Did consider making git-annex sync push the git-annex branch to repos that
didn't have a uuid, but this seemed difficult to do without complicating it
in messy ways.
It would be cleaner to split a command out from configlist to handle
the initialization. But this is difficult without sacrificing backwards
compatability, for users of old git-annex versions which would not use the
new command.
Git.Ref.headSha doesn't really work in direct mode as there's not a head,
so it was actually diffing against the empty tree and so not removing any
deleted files. Get the sha of the current branch instead, which is the same
thing Command.Sync does.
* proxy: Fix proxy git commit of non-annexed files in direct mode.
* proxy: If a non-proxied git command, such as git revert
would normally fail because of unstaged files in the work tree,
make the proxied command fail the same way.
* Perform a clean shutdown when --time-limit is reached.
This includes running queued git commands, and cleanup actions normally
run when a command is finished.
* fsck: Commit incremental fsck database when --time-limit is reached.

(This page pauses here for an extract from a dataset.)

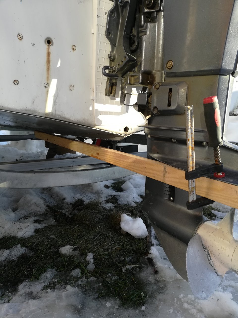 В положении как на последней фотке смело поднимай до упора рейки в киль , потом на воде еще попробуеш поднять до прхватов на поворотах , и опустиш на одно отверстие .Переставляю мотор с крыма (ща 40 л.с. не поставил ГИМС на учет) стоял на профильной трубе плита была почти вровень с килем и без клина шел так себе не было желания эксперементировать все равно все днище мятое. На прогрессе накинул нужен совет надо ли поставить клин и стоит ли приподнять мотор повыше (на ту же профильную трубу 1.5- 2 сантима). Гляньте фото там на 2ой и 3ей дырках. Я думаю надо приподнять.... Заранее спасибо за совет желательно из личного проверенного опыта!.

Previously, some of the last files fscked did not make it into the
database when using --time-limit.
Note that this changes Annex.addCleanup hooks, to run after --time-limit
expires. Fsck was using such a hook to clean up after a
--incremental-schedule, and that shouldn't run when --time-limit exipires
it. So, instead, moved that cleanup code to be run by cleanupIncremental.
Resulted in some data type juggling.
I've seen rss feeds that have no permalinks, only guids (which are
sometimes in the form of permalinks, argh/sigh).
I had previously avoided trusting guids to be globally unique, because my
survey of rss feeds that I subscribe to shows a lot of pretty bad
"guids" like "2 at http://serialpodcast.org" or even worse "oth20150401-hq".
Worry was that two podcasts that are generating guids so badly, that
there's no guarantee they're actually globally unique.
But, I'm seeing too many url changes that result in redundant files, so
let's try this. If feeds are so broken that guids overlap, they could just
as well incorrectly call them permalinks too.